Output the data below exactly, images excluded.

Material provided
*****

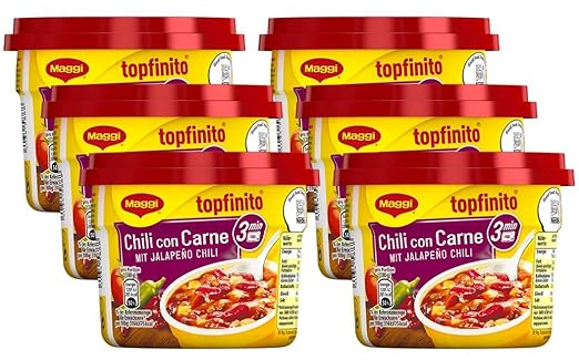 Maggi Topfinito Chili Con Carne Mit Jalapeno Chili Leckeres Fertiggericht Mit Hackfleisch Und Kidneybohnen In Wurziger Sosse 6er Pack 6 X 380g Amazon De Lebensmittel Getranke
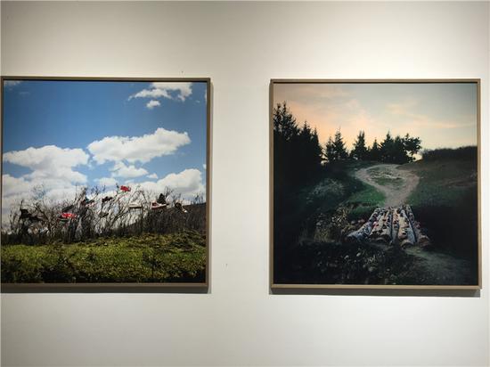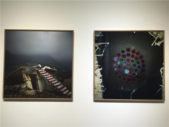 鞋子是沿着岷江一路收集的,韩五洲不知道为什么会有这么多鞋子,有可能是垃圾,有可能是漂流过来;后面一张是他自己的鞋子。“这个寨叫‘云上的民族’,来到这之后,云上的民族不在云上,而是在土地里,他们扎根于这片土地,而我们外人是在‘云上’,不管这片土地贫瘠与否,我们像云一样飘走,所以我把我的身份放进去,观众可能对此有一个对比的感觉。”
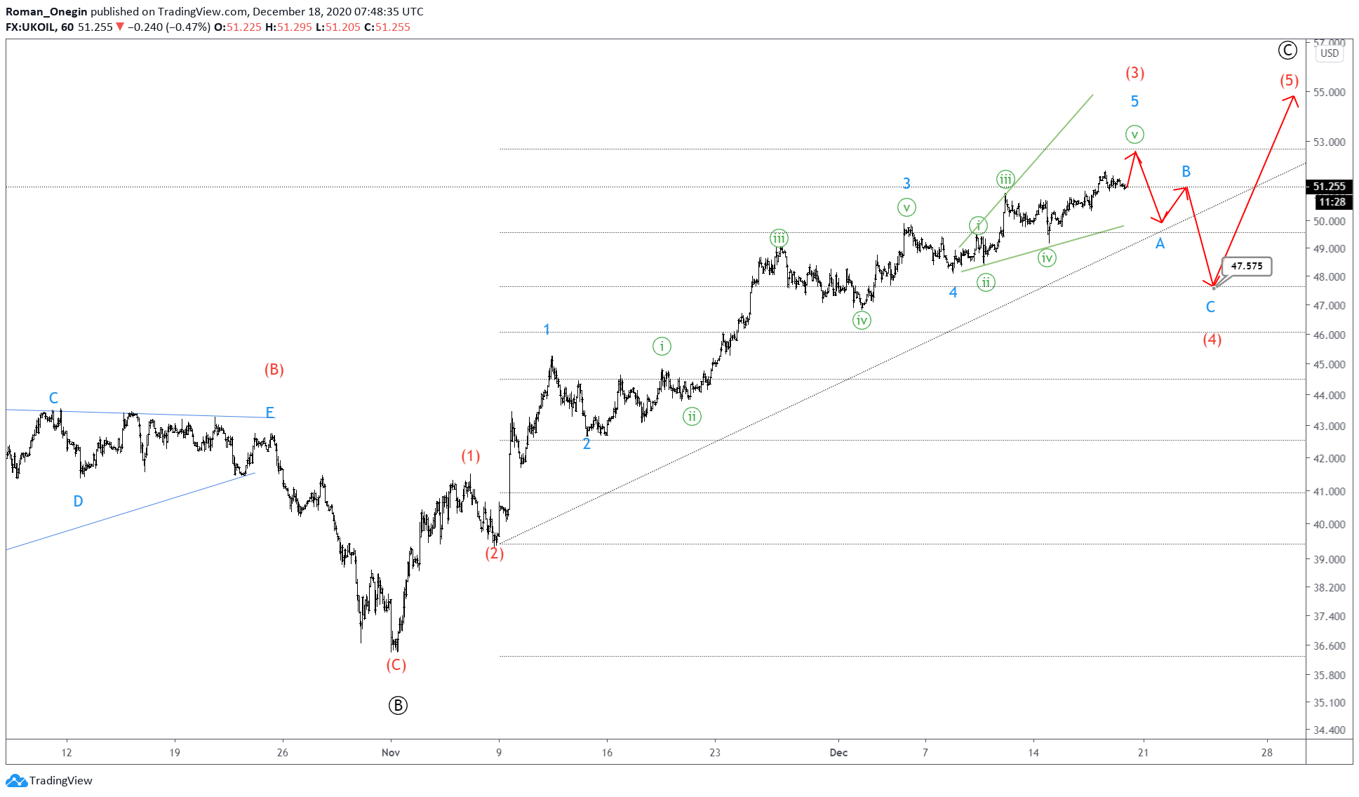 Finally, the end of the intermediate correction is expected near 47.57. At that level, wave (4) will be at 38.2% of impulse (3).
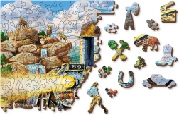 Laserowo wycinane drewniane puzzle WOODEN CITY ze specjalnie kształtowanymi elementami są niezwykle zabawne. Część elementów ma kształt zwierząt, budowli lub przedmiotów, a laserowo podkreślone detale potęgują efekt końcowy. Te elementy mogą samodzielnie stać jako małe figurki. Układanie puzzli z elementami o różnych kształtach jest trudniejsze i stanowi większe wyzwanie niż układanie klasycznych puzzli. Puzzle są dodatkowo dwustronne – można je układać zarówno według obrazka (strona licowa), jak i według kształtu (strona spodnia z wzorem). Marka WOODEN CITY, poza unikalną koncepcją puzzli, nie zapomina o ekologii, dlatego w tych produktach nie znajdziesz żadnych plastikowych opakowań.

*****

Finished exercise
 Maggi Topfinito Chili Con Carne Mit Jalapeno Chili Leckeres Fertiggericht Mit Hackfleisch Und Kidneybohnen In Wurziger Sosse 6er Pack 6 X 380g Amazon De Lebensmittel Getranke
 鞋子是沿着岷江一路收集的,韩五洲不知道为什么会有这么多鞋子,有可能是垃圾,有可能是漂流过来;后面一张是他自己的鞋子。“这个寨叫‘云上的民族’,来到这之后,云上的民族不在云上,而是在土地里,他们扎根于这片土地,而我们外人是在‘云上’,不管这片土地贫瘠与否,我们像云一样飘走,所以我把我的身份放进去,观众可能对此有一个对比的感觉。”
 Finally, the end of the intermediate correction is expected near 47.57. At that level, wave (4) will be at 38.2% of impulse (3).
 Laserowo wycinane drewniane puzzle WOODEN CITY ze specjalnie kształtowanymi elementami są niezwykle zabawne. Część elementów ma kształt zwierząt, budowli lub przedmiotów, a laserowo podkreślone detale potęgują efekt końcowy. Te elementy mogą samodzielnie stać jako małe figurki. Układanie puzzli z elementami o różnych kształtach jest trudniejsze i stanowi większe wyzwanie niż układanie klasycznych puzzli. Puzzle są dodatkowo dwustronne – można je układać zarówno według obrazka (strona licowa), jak i według kształtu (strona spodnia z wzorem). Marka WOODEN CITY, poza unikalną koncepcją puzzli, nie zapomina o ekologii, dlatego w tych produktach nie znajdziesz żadnych plastikowych opakowań.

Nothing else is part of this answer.